> Directions for this task
What is needed is a word-for-word copy of the lines below from the one with "This chic black" through the one with "在语言能力方面,和多数大型语", both included, with every picture left out.
(Beginning of Listed entries)
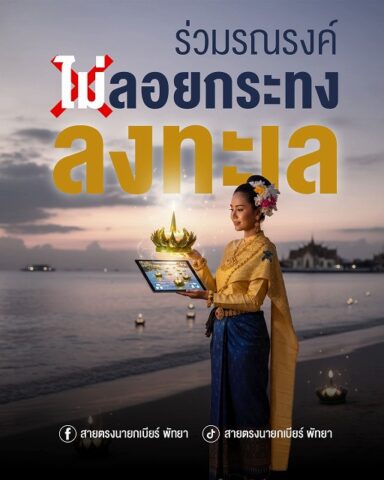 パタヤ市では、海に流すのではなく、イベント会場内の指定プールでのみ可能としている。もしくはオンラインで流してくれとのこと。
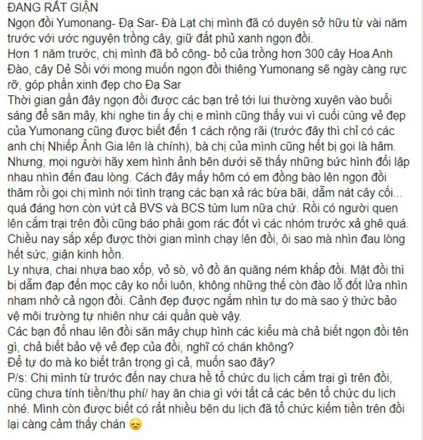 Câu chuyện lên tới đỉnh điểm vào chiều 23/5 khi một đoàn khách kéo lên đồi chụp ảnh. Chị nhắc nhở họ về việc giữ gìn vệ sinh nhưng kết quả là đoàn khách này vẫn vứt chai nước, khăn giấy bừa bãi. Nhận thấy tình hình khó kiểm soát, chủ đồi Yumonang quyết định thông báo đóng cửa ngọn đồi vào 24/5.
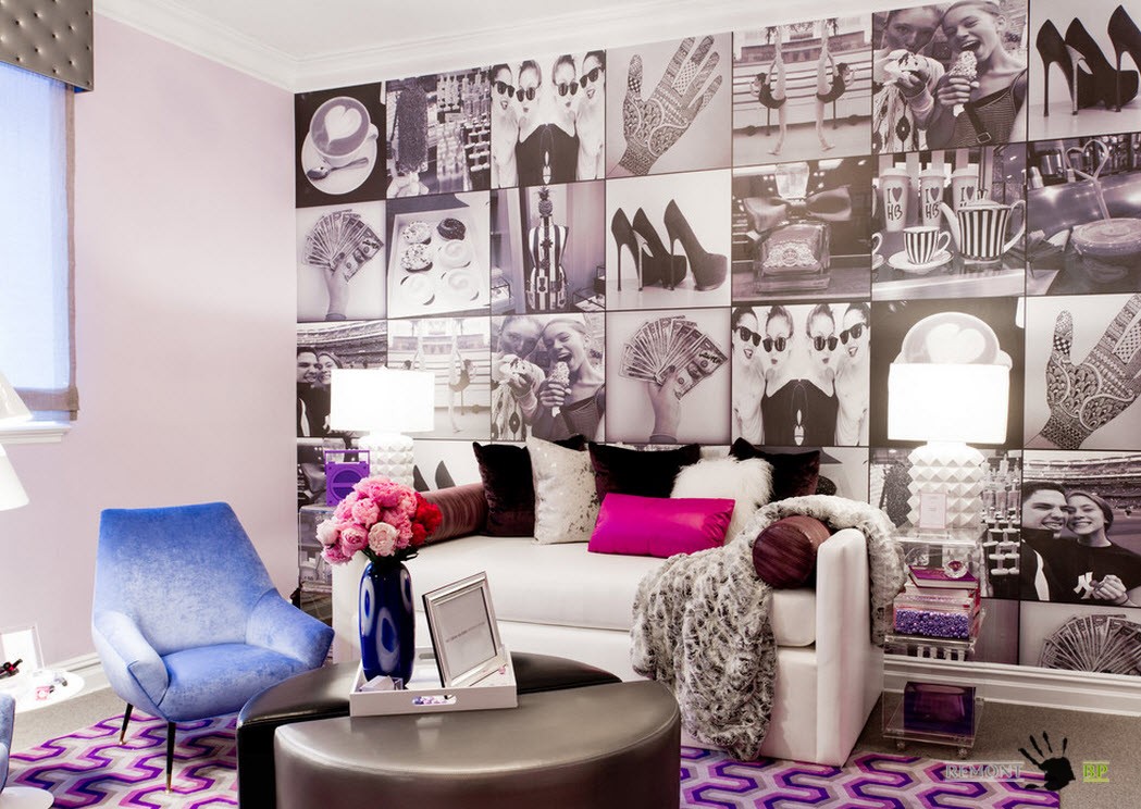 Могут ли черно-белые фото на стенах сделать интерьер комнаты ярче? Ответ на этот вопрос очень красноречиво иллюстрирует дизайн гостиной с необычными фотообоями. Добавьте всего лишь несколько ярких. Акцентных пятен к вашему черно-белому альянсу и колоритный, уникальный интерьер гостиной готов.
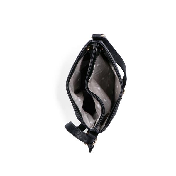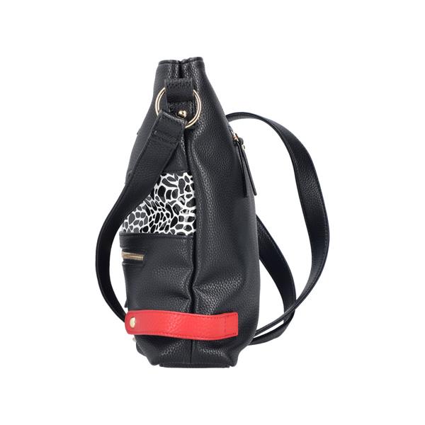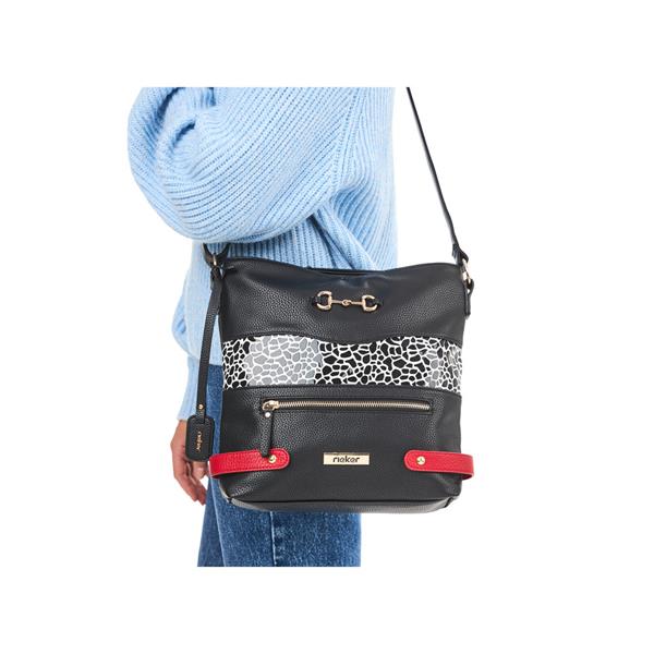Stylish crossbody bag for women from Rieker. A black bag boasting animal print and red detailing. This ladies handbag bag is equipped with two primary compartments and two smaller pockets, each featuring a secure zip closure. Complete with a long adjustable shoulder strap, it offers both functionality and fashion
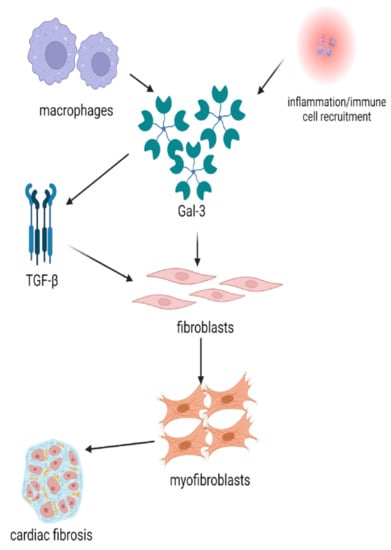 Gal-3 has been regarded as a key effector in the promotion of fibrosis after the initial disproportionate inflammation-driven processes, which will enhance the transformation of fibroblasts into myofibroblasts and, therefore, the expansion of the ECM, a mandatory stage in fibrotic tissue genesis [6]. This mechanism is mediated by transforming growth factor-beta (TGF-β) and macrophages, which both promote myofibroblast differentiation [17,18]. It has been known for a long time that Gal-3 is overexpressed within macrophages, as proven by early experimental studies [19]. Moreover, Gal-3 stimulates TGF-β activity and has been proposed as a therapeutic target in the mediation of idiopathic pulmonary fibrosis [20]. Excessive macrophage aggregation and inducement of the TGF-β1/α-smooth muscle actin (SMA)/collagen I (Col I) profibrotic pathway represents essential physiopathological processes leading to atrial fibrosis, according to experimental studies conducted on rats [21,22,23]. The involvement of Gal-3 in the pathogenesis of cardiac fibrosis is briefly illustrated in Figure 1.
(End of Listed entries)
(Beginning of Listed entries)
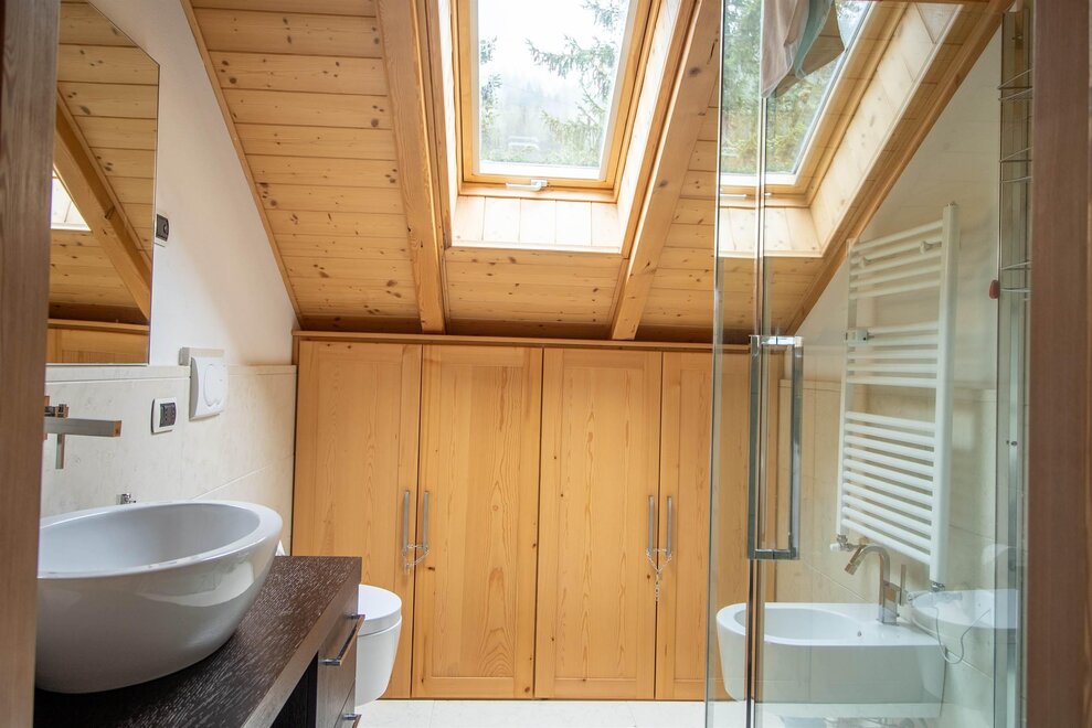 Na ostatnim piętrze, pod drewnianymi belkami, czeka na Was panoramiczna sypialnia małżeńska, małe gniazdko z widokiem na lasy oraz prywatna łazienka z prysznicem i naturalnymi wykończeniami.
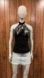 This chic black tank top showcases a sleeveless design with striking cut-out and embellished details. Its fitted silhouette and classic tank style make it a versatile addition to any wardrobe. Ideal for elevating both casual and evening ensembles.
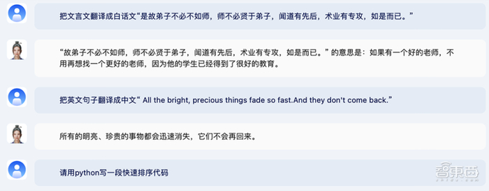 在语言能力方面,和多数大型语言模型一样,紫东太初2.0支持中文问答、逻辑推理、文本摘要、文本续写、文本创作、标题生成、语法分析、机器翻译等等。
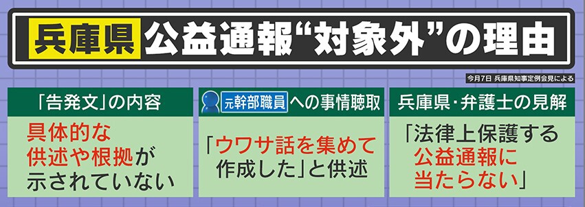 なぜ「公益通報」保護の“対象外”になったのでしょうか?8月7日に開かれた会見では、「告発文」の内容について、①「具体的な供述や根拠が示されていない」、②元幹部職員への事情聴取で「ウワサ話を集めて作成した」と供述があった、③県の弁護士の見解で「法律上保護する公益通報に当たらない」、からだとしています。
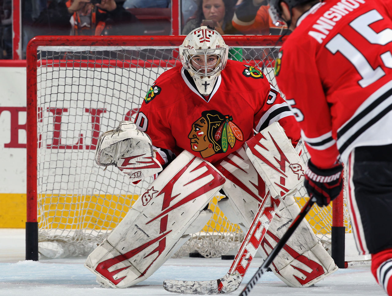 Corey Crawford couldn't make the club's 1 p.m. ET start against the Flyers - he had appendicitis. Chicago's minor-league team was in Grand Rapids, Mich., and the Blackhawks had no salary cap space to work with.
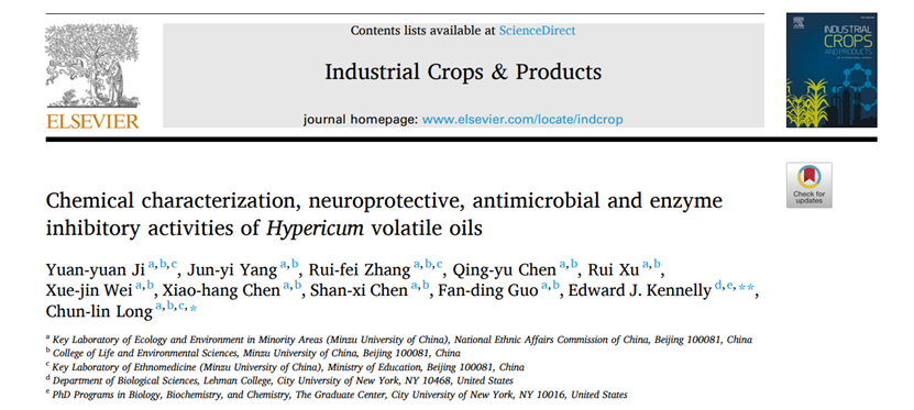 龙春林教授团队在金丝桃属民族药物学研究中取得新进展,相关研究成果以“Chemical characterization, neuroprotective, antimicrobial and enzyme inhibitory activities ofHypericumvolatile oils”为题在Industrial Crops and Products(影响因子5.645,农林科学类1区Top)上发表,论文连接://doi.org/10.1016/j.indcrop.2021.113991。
(End of Listed entries)
(Beginning of Listed entries)
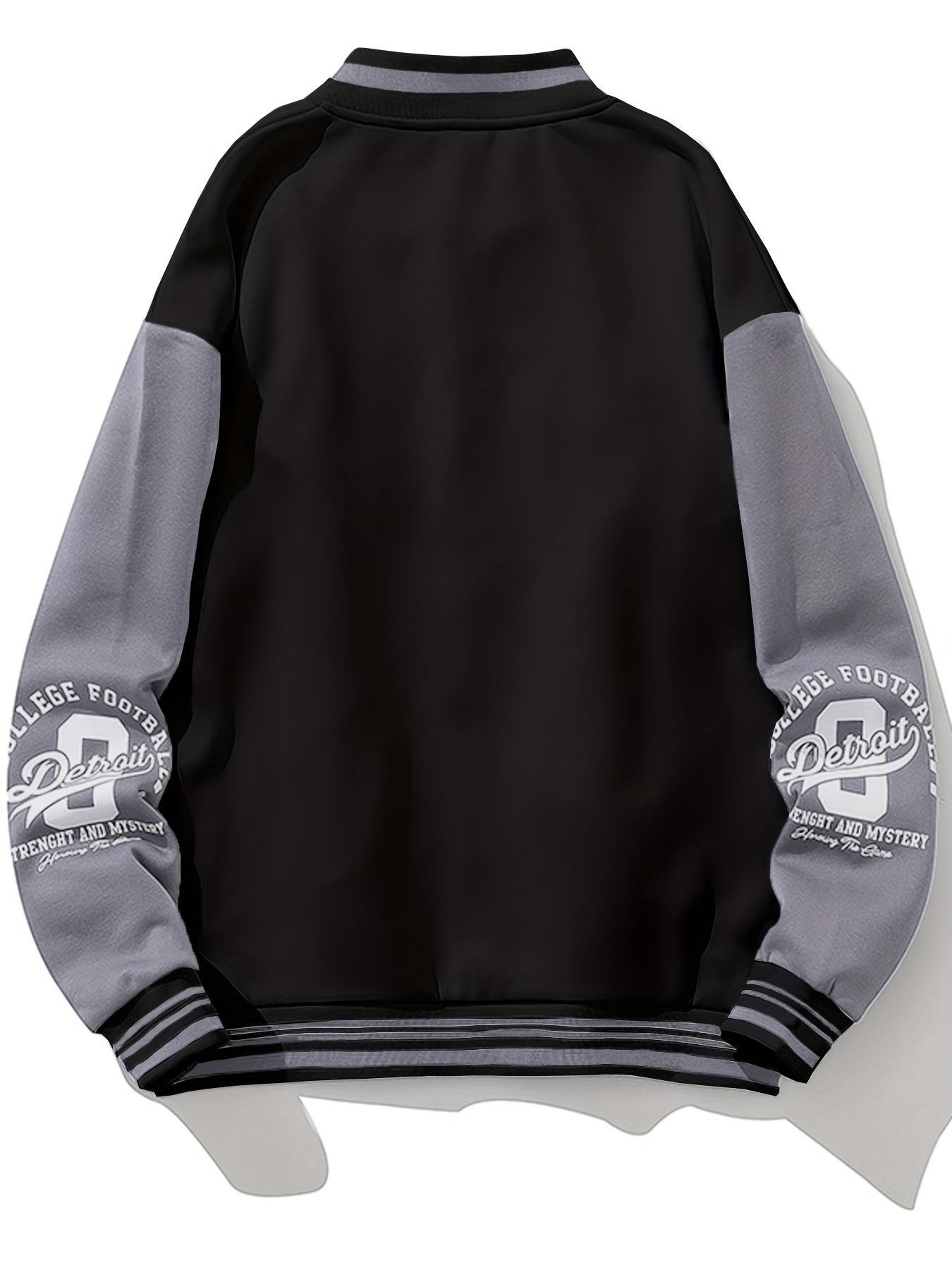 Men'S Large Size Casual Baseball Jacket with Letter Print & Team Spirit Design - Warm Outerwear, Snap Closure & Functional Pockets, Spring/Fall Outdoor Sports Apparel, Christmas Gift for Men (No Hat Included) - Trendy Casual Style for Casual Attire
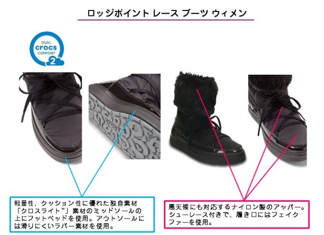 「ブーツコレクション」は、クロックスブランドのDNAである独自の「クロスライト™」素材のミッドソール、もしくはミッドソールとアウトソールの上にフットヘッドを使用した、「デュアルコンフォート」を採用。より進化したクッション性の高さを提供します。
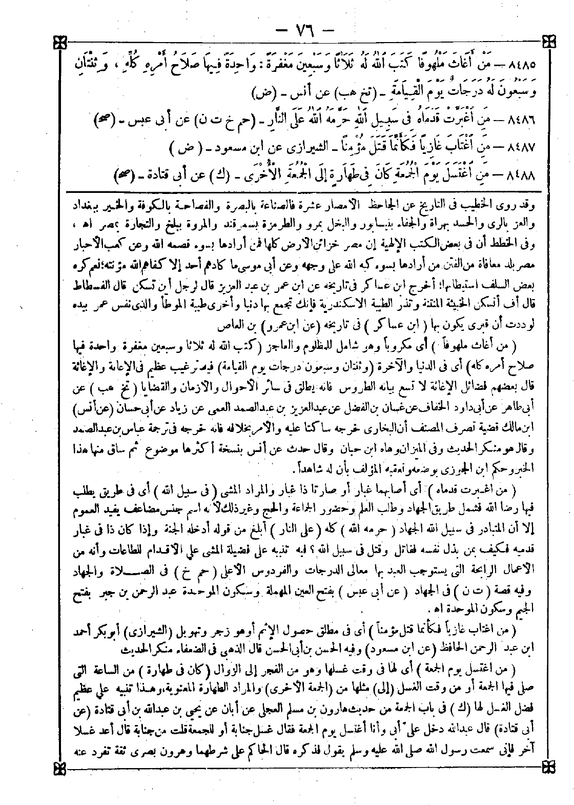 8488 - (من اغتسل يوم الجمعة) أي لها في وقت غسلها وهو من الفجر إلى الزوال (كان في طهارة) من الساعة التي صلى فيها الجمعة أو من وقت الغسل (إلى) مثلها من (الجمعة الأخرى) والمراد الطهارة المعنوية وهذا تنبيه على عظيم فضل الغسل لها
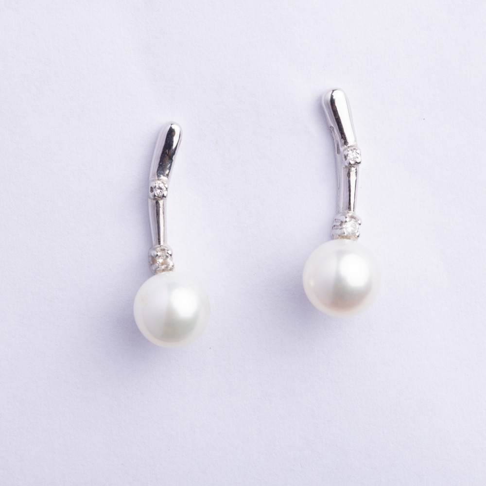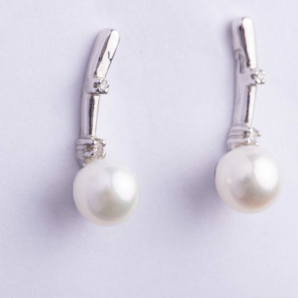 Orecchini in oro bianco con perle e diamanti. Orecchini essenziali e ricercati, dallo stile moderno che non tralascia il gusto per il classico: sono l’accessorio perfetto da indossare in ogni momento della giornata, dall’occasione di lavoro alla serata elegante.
(End of Listed entries)
> Solution to this problem
 This chic black tank top showcases a sleeveless design with striking cut-out and embellished details. Its fitted silhouette and classic tank style make it a versatile addition to any wardrobe. Ideal for elevating both casual and evening ensembles.
 在语言能力方面,和多数大型语言模型一样,紫东太初2.0支持中文问答、逻辑推理、文本摘要、文本续写、文本创作、标题生成、语法分析、机器翻译等等。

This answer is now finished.